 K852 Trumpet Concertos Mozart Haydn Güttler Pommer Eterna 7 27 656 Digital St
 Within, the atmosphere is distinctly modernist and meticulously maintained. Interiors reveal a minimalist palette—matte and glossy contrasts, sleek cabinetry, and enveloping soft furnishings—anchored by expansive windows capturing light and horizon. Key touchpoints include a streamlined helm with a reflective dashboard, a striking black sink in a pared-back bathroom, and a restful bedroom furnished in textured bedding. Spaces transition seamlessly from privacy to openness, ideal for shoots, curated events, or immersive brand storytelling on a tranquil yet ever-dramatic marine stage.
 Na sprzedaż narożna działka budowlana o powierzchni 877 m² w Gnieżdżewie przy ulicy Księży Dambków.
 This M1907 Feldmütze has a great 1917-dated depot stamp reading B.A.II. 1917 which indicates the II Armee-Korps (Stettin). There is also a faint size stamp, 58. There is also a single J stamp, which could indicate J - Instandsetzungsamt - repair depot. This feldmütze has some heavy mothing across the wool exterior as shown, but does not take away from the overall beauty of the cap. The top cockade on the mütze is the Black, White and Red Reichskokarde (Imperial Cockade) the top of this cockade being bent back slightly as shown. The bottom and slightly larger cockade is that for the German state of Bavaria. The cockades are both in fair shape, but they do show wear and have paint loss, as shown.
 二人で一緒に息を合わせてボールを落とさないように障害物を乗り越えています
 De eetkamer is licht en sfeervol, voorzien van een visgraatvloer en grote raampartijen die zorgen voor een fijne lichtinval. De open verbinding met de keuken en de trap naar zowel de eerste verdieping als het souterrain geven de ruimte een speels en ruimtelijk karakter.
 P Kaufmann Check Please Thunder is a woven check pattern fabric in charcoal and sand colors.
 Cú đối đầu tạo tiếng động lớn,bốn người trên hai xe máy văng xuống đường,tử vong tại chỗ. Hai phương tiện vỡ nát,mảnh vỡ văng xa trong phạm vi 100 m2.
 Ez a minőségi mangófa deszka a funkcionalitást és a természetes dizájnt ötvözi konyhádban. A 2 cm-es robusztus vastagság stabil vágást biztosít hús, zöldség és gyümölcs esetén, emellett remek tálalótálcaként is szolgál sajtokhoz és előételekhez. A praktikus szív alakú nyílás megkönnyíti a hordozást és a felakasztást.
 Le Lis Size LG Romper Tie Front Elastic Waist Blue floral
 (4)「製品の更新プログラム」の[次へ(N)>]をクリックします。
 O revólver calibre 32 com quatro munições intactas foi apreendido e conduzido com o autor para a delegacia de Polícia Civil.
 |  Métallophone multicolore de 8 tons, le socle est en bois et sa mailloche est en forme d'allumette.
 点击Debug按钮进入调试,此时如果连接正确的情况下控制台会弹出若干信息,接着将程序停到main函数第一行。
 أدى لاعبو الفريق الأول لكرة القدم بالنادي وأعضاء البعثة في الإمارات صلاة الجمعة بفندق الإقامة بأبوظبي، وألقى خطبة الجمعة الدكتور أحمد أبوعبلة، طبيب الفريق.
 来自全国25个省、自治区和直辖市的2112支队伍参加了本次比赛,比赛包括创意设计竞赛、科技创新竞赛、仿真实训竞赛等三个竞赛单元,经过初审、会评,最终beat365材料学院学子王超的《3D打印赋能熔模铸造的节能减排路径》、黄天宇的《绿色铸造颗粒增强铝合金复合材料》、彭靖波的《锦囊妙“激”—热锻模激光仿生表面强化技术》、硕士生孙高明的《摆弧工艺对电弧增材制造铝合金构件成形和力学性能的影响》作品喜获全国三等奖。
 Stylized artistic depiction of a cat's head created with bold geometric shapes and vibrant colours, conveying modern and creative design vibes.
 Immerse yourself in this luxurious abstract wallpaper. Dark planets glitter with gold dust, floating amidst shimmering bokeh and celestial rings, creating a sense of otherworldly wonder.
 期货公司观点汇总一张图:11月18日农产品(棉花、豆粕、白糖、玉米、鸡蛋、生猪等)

..........

• Task objective: Above are some records; copy each line there that contains "from".

• Exercise response:
 Within, the atmosphere is distinctly modernist and meticulously maintained. Interiors reveal a minimalist palette—matte and glossy contrasts, sleek cabinetry, and enveloping soft furnishings—anchored by expansive windows capturing light and horizon. Key touchpoints include a streamlined helm with a reflective dashboard, a striking black sink in a pared-back bathroom, and a restful bedroom furnished in textured bedding. Spaces transition seamlessly from privacy to openness, ideal for shoots, curated events, or immersive brand storytelling on a tranquil yet ever-dramatic marine stage.
 This M1907 Feldmütze has a great 1917-dated depot stamp reading B.A.II. 1917 which indicates the II Armee-Korps (Stettin). There is also a faint size stamp, 58. There is also a single J stamp, which could indicate J - Instandsetzungsamt - repair depot. This feldmütze has some heavy mothing across the wool exterior as shown, but does not take away from the overall beauty of the cap. The top cockade on the mütze is the Black, White and Red Reichskokarde (Imperial Cockade) the top of this cockade being bent back slightly as shown. The bottom and slightly larger cockade is that for the German state of Bavaria. The cockades are both in fair shape, but they do show wear and have paint loss, as shown.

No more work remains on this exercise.